研究により、肝臓の細胞が果糖を代謝し、その結果としてLPCを産生・分泌していることが明らかになりました。
そして、このLPCこそが、がん細胞の成長を支える重要な栄養源になっていたのです。
がん細胞が脂質を欲しがる理由

がんの本質的な特徴の一つは、制御不能な細胞分裂です。
細胞が分裂するたびに、細胞膜をはじめとする構造を新たに作り直す必要があり、その材料として大量の脂質が必要になります。
理論上、がん細胞は脂質を自ら合成することも可能ですが、近年の研究では、多くのがん細胞が「作る」よりも「取り込む」ことを好むことが分かってきました。
しかし、脂質は血液中に溶けにくく、輸送が難しいという問題があります。
その点でLPCは例外的な存在であり、血中を移動しやすく、効率よくがん細胞に取り込まれる脂質であることが示されています。

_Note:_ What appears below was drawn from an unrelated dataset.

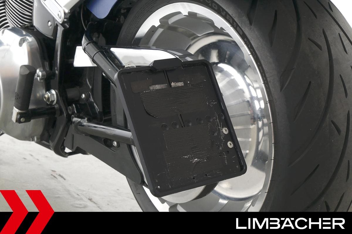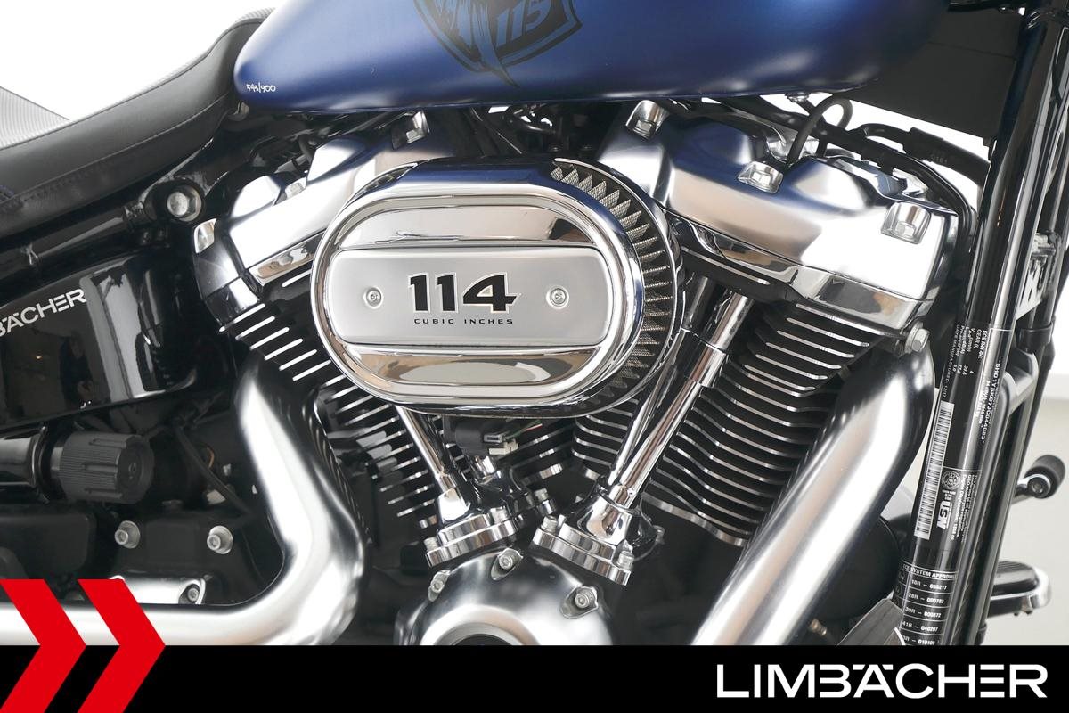 Eine Harley-Davidson Softail Fat Boy 114 Anniversary FLFBS ANX in Topzustand u.a. mit seitlichem Kennzeichenhalter.

Patti氏は、この点について次のように述べています。
「LPCは、腫瘍の成長を支えるための、最も効率的な脂質供給経路の一つである可能性がある。」
食事とがん治療の新しい視点
本研究が示した重要な点は、がん治療の標的が必ずしもがん細胞そのものに限られないという考え方です。

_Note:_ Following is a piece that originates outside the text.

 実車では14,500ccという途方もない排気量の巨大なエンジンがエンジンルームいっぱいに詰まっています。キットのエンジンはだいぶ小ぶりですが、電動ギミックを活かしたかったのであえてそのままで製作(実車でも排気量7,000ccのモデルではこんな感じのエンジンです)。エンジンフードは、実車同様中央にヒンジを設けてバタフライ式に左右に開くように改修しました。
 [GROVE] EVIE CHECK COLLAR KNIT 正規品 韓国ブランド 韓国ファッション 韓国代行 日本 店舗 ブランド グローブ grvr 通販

果糖を代謝するのは主に肝臓という正常な臓器であり、その代謝産物が結果として腫瘍を支えていました。
つまり、正常細胞の代謝を調整することで、がんの成長を抑えるという新しい治療戦略が考えられるのです。
研究チームはすでにマウス実験でこの考え方の有効性を示しており、将来的には薬剤による介入も視野に入れています。
若年層のがん増加との関連は未解明

アメリカでは、果糖摂取量が急増した時期と重なるように、50歳未満の若年層における一部のがん発症率が増加していることが知られています。

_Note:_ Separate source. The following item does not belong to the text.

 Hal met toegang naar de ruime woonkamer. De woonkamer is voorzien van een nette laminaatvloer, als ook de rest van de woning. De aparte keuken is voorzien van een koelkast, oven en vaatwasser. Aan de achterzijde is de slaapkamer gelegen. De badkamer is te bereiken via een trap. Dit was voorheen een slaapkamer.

ただし、今回の研究はあくまで動物実験が中心であり、果糖摂取とがん発症率の因果関係が人間で直接証明されたわけではありません。
この点について、Patti氏自身も慎重な姿勢を示しており、現在は世界中の研究者と協力して、疫学的な関連を検証する国際的な研究プロジェクトが進行中です。
Pattiは、「もしがんを患っているのであれば、果糖の摂取を減らすことを考える価値はある」と述べています。
しかし同時に、現代の食環境では果糖を完全に避けることは極めて難しいとも指摘しています。
清涼飲料水や菓子類だけでなく、パスタソース、ドレッシング、ケチャップなど、一見健康的に見える食品にも高果糖コーンシロップは広く使われています。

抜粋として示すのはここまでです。